START Available data

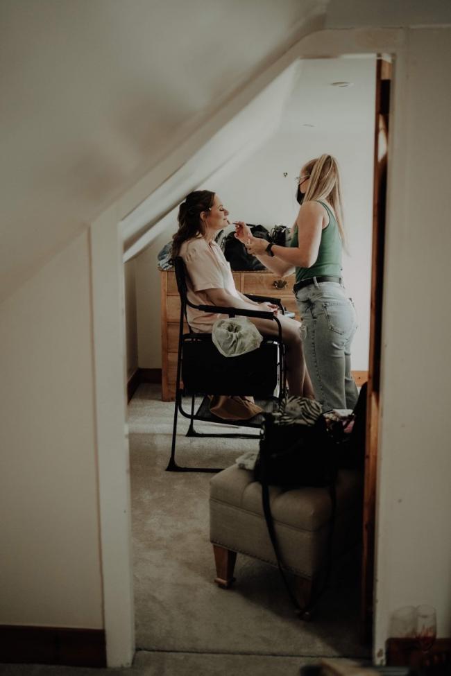 We chose to stay in the cottage the evening before the wedding with some of our closest friends who helped with all the last-minute prep. The wedding morning was amazing. We had the last warm day of the year, and it was a gorgeous sunrise. The girls all got ready upstairs in the cottage while the boys got ready downstairs and did all the setting up.
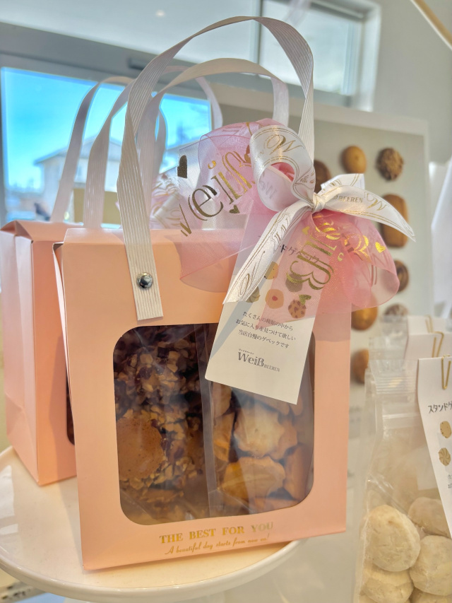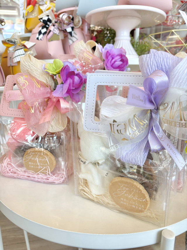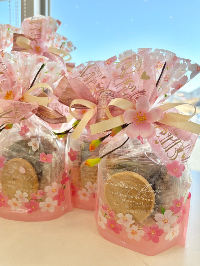 イベント 投稿日2025.03.07 ◇春&ホワイトデーギフトご用意しております◇ この記事は、投稿から半年以上が経過しています。 料金やサービス内容など、現在のサービス内容と異なる場合がございます。 桜柄のラッピングやパステルカラーのミニバッグに ヴァイスべーレンのこだわりの焼菓子を詰め合わせました(*^^*) どれも春ギフトやホワイトデーに贈りたくなる可愛さです(^^♪ ご予約やお取り置きも承っておりますので、 ぜひ一度、店頭でご覧くださいませ♪
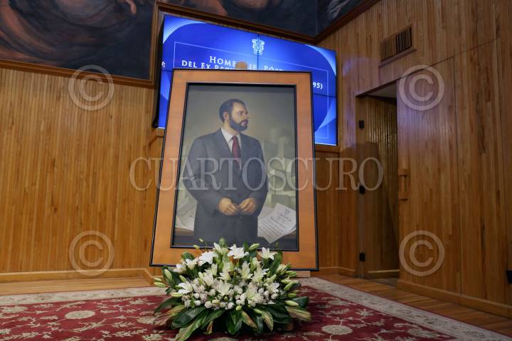 Retrato de Raúl Padilla López, ex rector de la Universidad de Guadalajara, durante el homenaje de cuerpo presente que se realizó en el Paraninfo de esta casa de estudio.

END Available data

▶ _What is needed_: The data is to be restated word for word, with any pictures set aside.

▶ _Exercise solution_:
 We chose to stay in the cottage the evening before the wedding with some of our closest friends who helped with all the last-minute prep. The wedding morning was amazing. We had the last warm day of the year, and it was a gorgeous sunrise. The girls all got ready upstairs in the cottage while the boys got ready downstairs and did all the setting up.
 イベント 投稿日2025.03.07 ◇春&ホワイトデーギフトご用意しております◇ この記事は、投稿から半年以上が経過しています。 料金やサービス内容など、現在のサービス内容と異なる場合がございます。 桜柄のラッピングやパステルカラーのミニバッグに ヴァイスべーレンのこだわりの焼菓子を詰め合わせました(*^^*) どれも春ギフトやホワイトデーに贈りたくなる可愛さです(^^♪ ご予約やお取り置きも承っておりますので、 ぜひ一度、店頭でご覧くださいませ♪
 Retrato de Raúl Padilla López, ex rector de la Universidad de Guadalajara, durante el homenaje de cuerpo presente que se realizó en el Paraninfo de esta casa de estudio.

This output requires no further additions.